[[ Records supplied open ]]

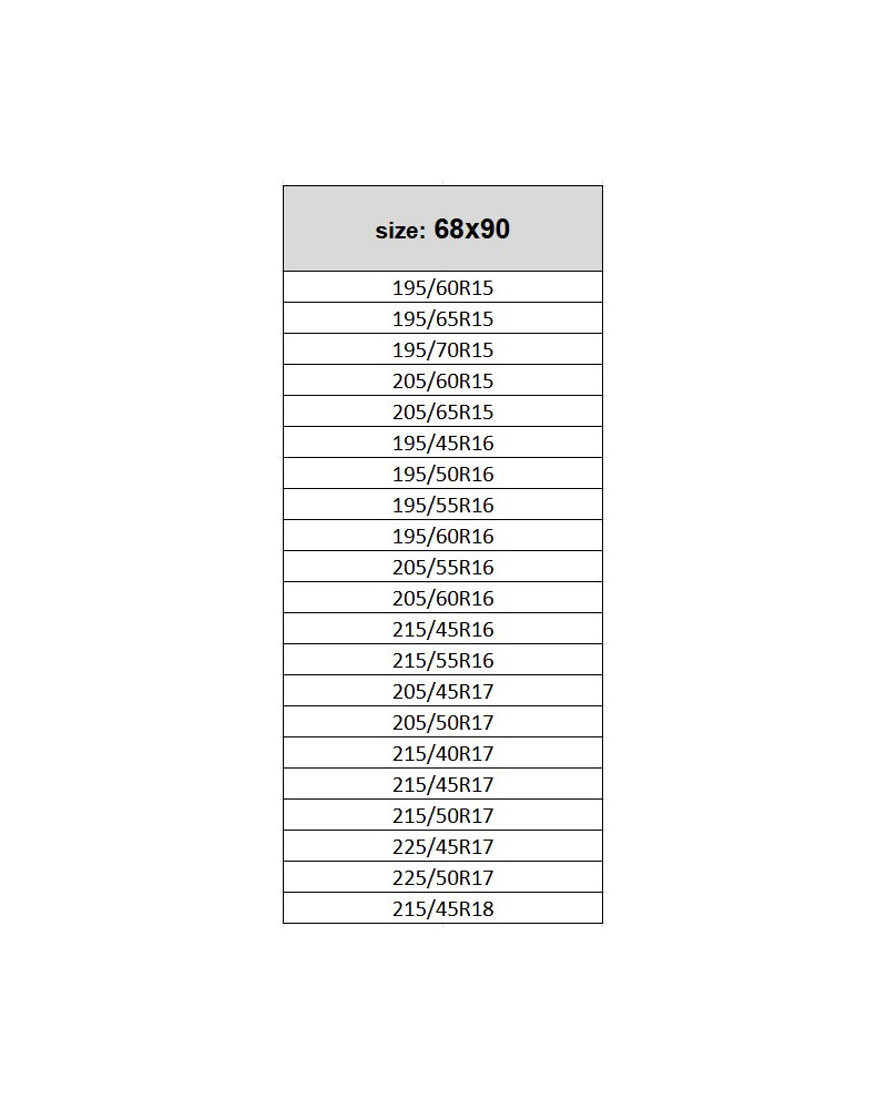 Pasuje na opony o rozmiarze: 175/70-R14, 175/80-R14, 185/60-R14, 185/65-R14, 185/70-R14, 195/60-R14, 195/65-R14, 205/65-R14, 185/55-R15, 185/60-R15, 185/65-R15, 195/50-R15, 195/55-R15, 195/60-R15, 195/65-R15, 195/70-R15, 205/55-R15, 205/65-R15, 195/50-R16, 195/65-R16, 205/55-R16, 225/45-R17
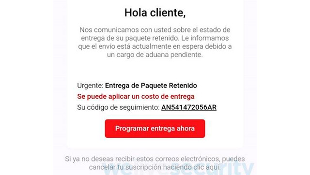 El truco más común es una supuesta actualización de envío o una entrega fallida y en algunos casos, el phishing incluye cargos inventados por aduanas que no existen, llevando a las víctimas a pagar para liberar un paquete que nunca existió. Estos correos suelen incluir errores sutiles de redacción y direcciones web que, aunque similares a las oficiales, redirigen a sitios fraudulentos.
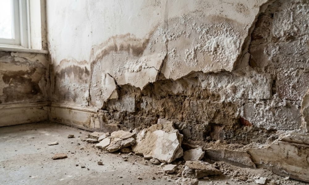 Ako vidite masne, stalno mokre fleke, zid se osipa, kruni ili gubi čvrstinu – to više nije kondenz. To može biti prodorna vlaga spolja ili kapilarna vlaga iz konstrukcije.
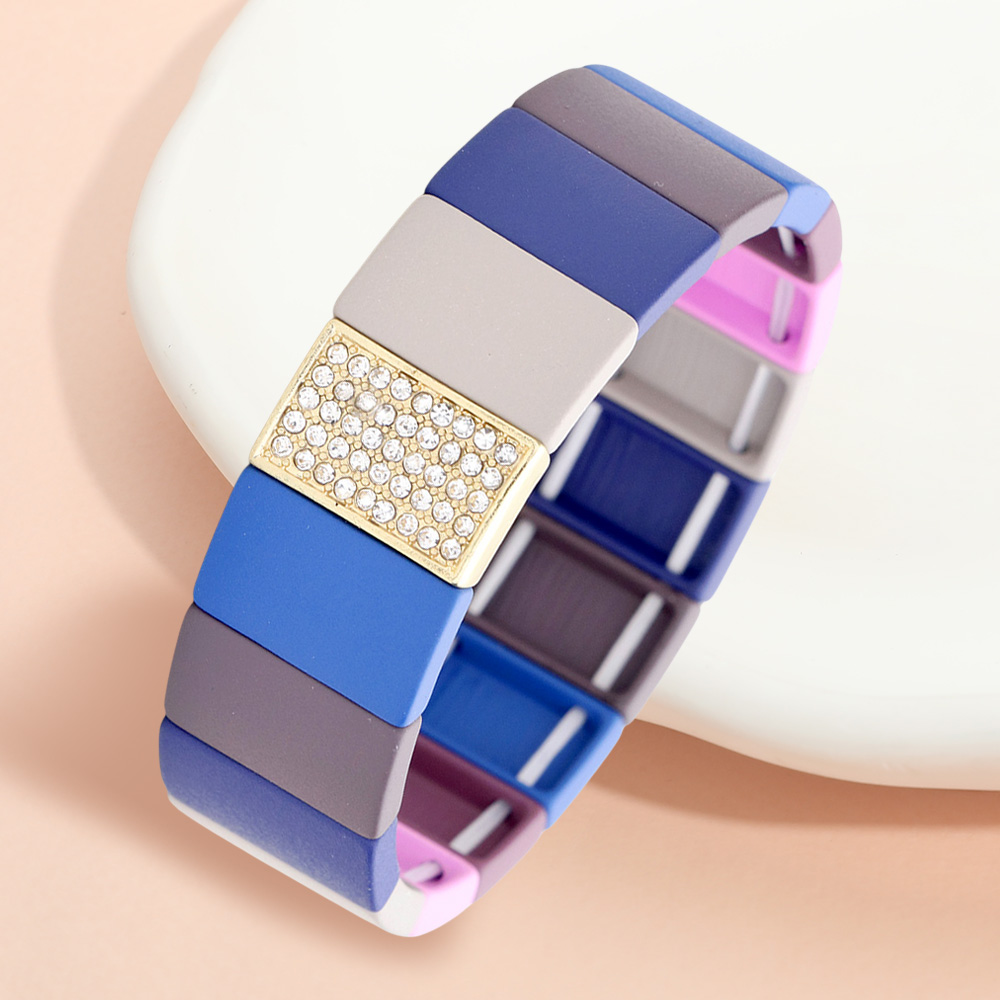 Colorful Wood Rectangle Rhinestone Pave Stretch Bracelet
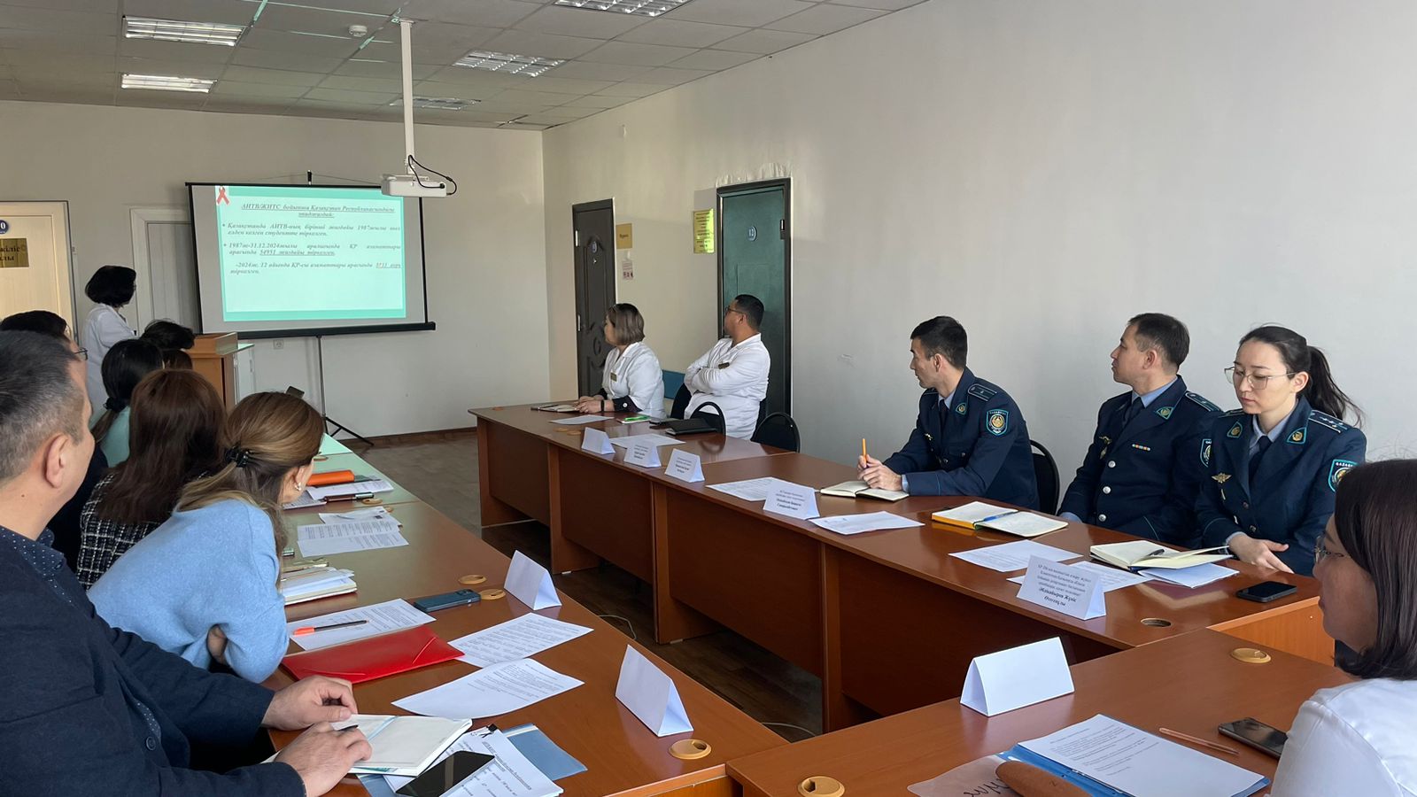 На совещании обсуждались актуальные вопросы по профилактике ВИЧ-инфекции среди спецконтингента в учреждениях ДУИС. Врачи центра по профилактике ВИЧ инфекции выступили с докладами о результатах профилактической работы, по эпидемиологической ситуации сложившейся в Республике, в области, в подведомственных учреждениях УИС. О результатах профилактических мероприятий среди спецконтингента, о работе по тестированию заключенных на ВИЧ-инфекцию.

[[ Records supplied closed ]]

*Directions for this task*
Restate every line above exactly, omitting images.

*Your solution*
 Pasuje na opony o rozmiarze: 175/70-R14, 175/80-R14, 185/60-R14, 185/65-R14, 185/70-R14, 195/60-R14, 195/65-R14, 205/65-R14, 185/55-R15, 185/60-R15, 185/65-R15, 195/50-R15, 195/55-R15, 195/60-R15, 195/65-R15, 195/70-R15, 205/55-R15, 205/65-R15, 195/50-R16, 195/65-R16, 205/55-R16, 225/45-R17
 El truco más común es una supuesta actualización de envío o una entrega fallida y en algunos casos, el phishing incluye cargos inventados por aduanas que no existen, llevando a las víctimas a pagar para liberar un paquete que nunca existió. Estos correos suelen incluir errores sutiles de redacción y direcciones web que, aunque similares a las oficiales, redirigen a sitios fraudulentos.
 Ako vidite masne, stalno mokre fleke, zid se osipa, kruni ili gubi čvrstinu – to više nije kondenz. To može biti prodorna vlaga spolja ili kapilarna vlaga iz konstrukcije.
 Colorful Wood Rectangle Rhinestone Pave Stretch Bracelet
 На совещании обсуждались актуальные вопросы по профилактике ВИЧ-инфекции среди спецконтингента в учреждениях ДУИС. Врачи центра по профилактике ВИЧ инфекции выступили с докладами о результатах профилактической работы, по эпидемиологической ситуации сложившейся в Республике, в области, в подведомственных учреждениях УИС. О результатах профилактических мероприятий среди спецконтингента, о работе по тестированию заключенных на ВИЧ-инфекцию.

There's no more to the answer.